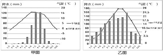 13、甲乙两图分别表示我国北纬30度附近两个省会城市年内各月气温与降水量柱状图。据此完成下列各题。
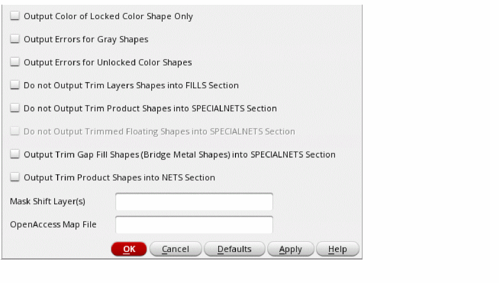 Use the Do Not Output Trim Layers Shapes into FILLS Section to prevent the output of trim layer shapes into the FILLS section.
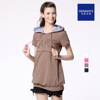 【Gennies 奇妮】連帽休閒風哺乳上衣(粉/咖/深藍/白GNA57)
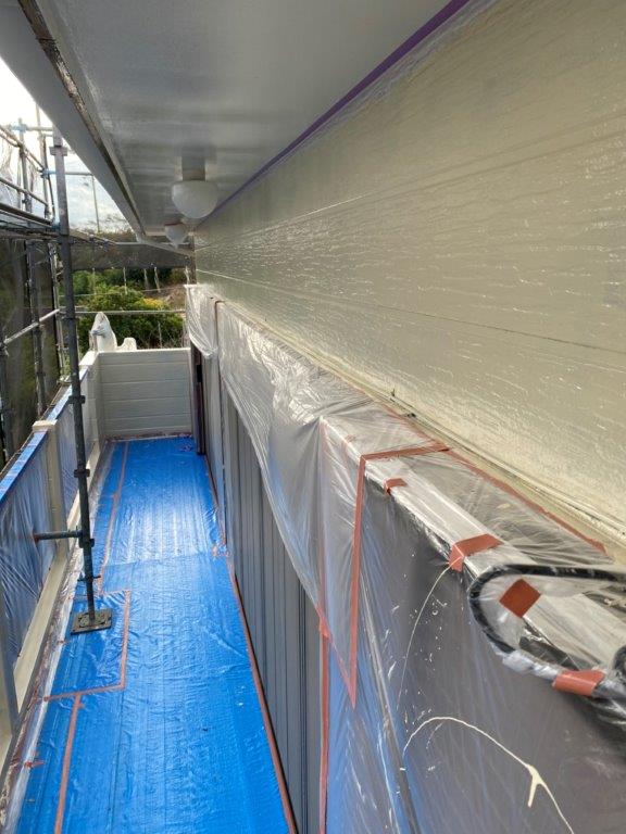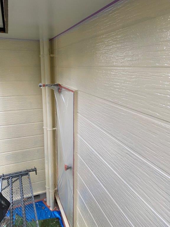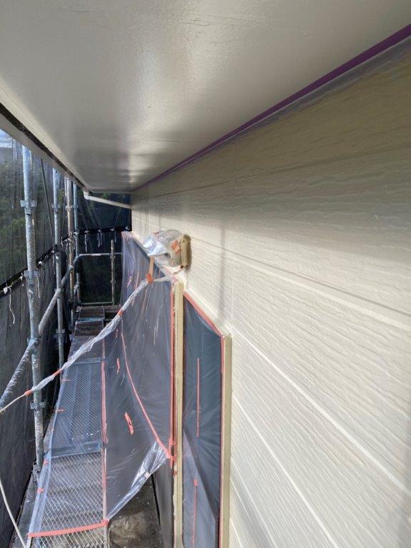 前日に外壁の中塗りが完了してますので、今日は最終的な仕上げとなる上塗り塗装を中心に作業を行いました!!
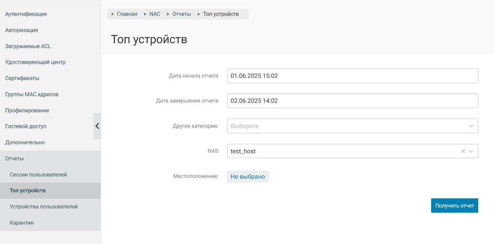 Детализированный отчёт по устройствам с дополнительными параметрами аутентификации.
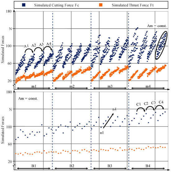 The cutting and thrust forces were assumed to be proportional to the maximum of the flow stress, since the chip height and width were fixed across all simulations. This trend was noticeable when taking into account the maximum and the minimum of the thrust force for each of the four values of parameter A. Since the value of parameter A affects the first term of the flow stress linearly, the influence of this parameter was noticeable. The encircled region in Figure 3 represents a parameter combination where m and A equaled 1.9404 and 1108.4 MPa, respectively. To better show the impact of changing parameters C and n on the forces, this region was zoomed in in the lower part of Figure 4. Here, except for the minimum B, a trend could be seen regarding the impact of a larger C value. However, the impact of changing the value of n by the same factor was greater according to the DOE mentioned above.
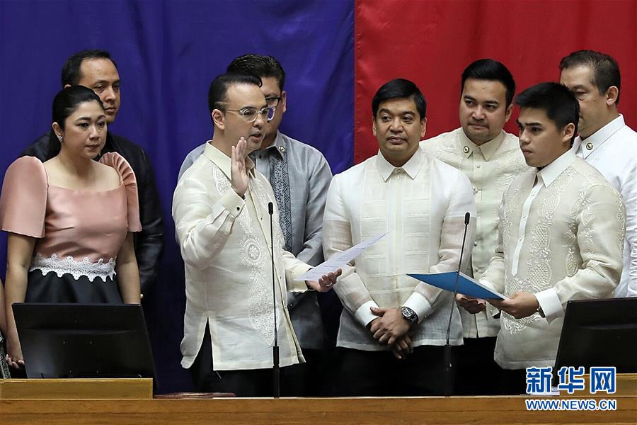 7月22日,在菲律賓大馬尼拉地區的奎松城,艾倫·彼得·卡耶塔諾(左三)宣誓就職新一任菲律賓眾議長。新華社發
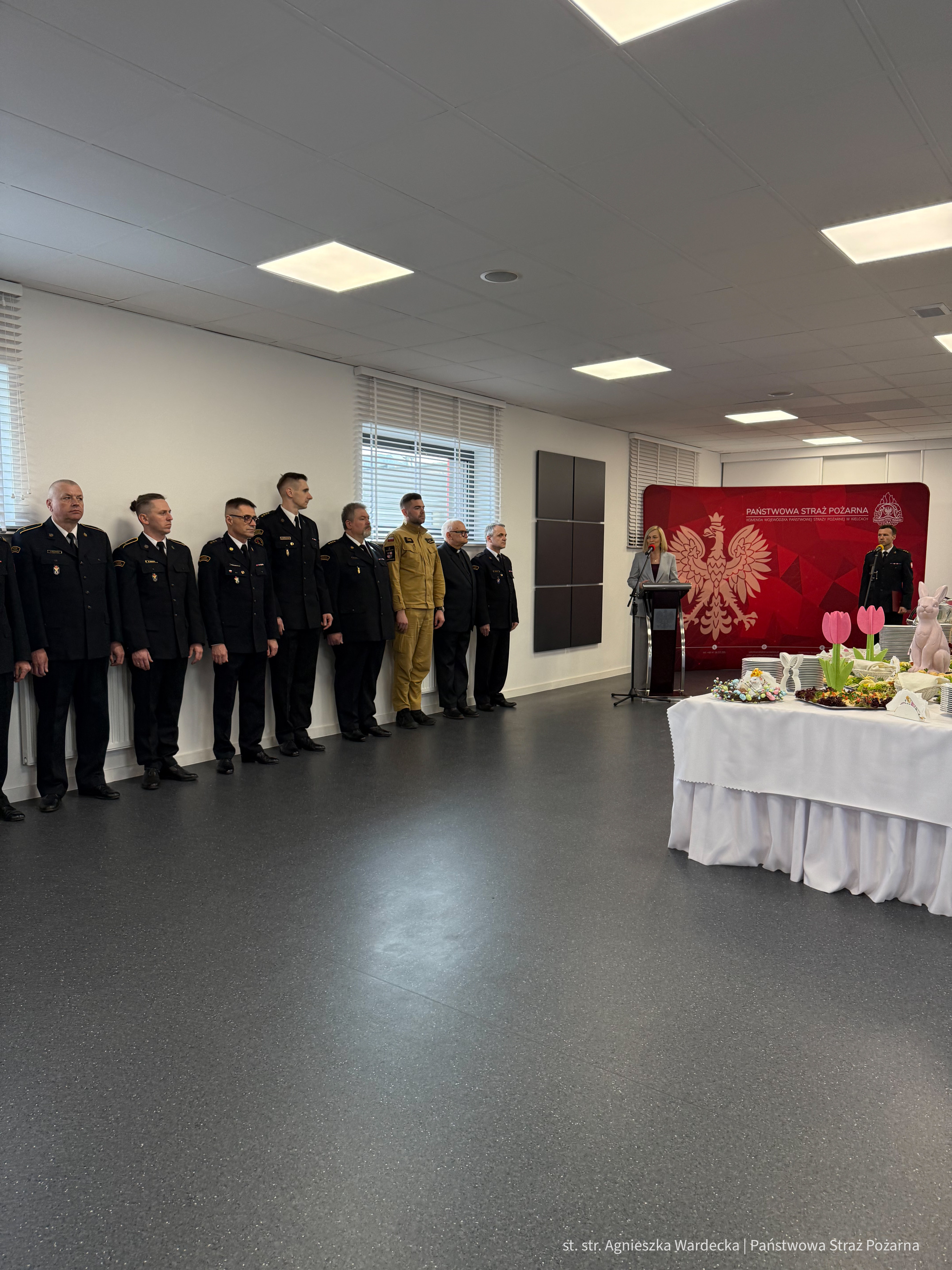 25 marca 2026 roku w Sali Konferencyjnej KBSS Komendy Wojewódzkiej PSP w Kielcach zgodnie z coroczną tradycją odbyło się spotkanie z okazji zbliżających się Świąt Wielkanocnych. W wydarzeniu udział wzięło kierownictwo tutejszej komendy, funkcjonariusze, pracownicy cywilni oraz przedstawiciele zaprzyjaźnionych służb i instytucji.
****************
Write out exactly and only the lines that run from the start of the data above through the line containing "Детализированный отчёт по", leaving the pictures out.

 13、甲乙两图分别表示我国北纬30度附近两个省会城市年内各月气温与降水量柱状图。据此完成下列各题。
 Use the Do Not Output Trim Layers Shapes into FILLS Section to prevent the output of trim layer shapes into the FILLS section.
 【Gennies 奇妮】連帽休閒風哺乳上衣(粉/咖/深藍/白GNA57)
 前日に外壁の中塗りが完了してますので、今日は最終的な仕上げとなる上塗り塗装を中心に作業を行いました!!
 Детализированный отчёт по устройствам с дополнительными параметрами аутентификации.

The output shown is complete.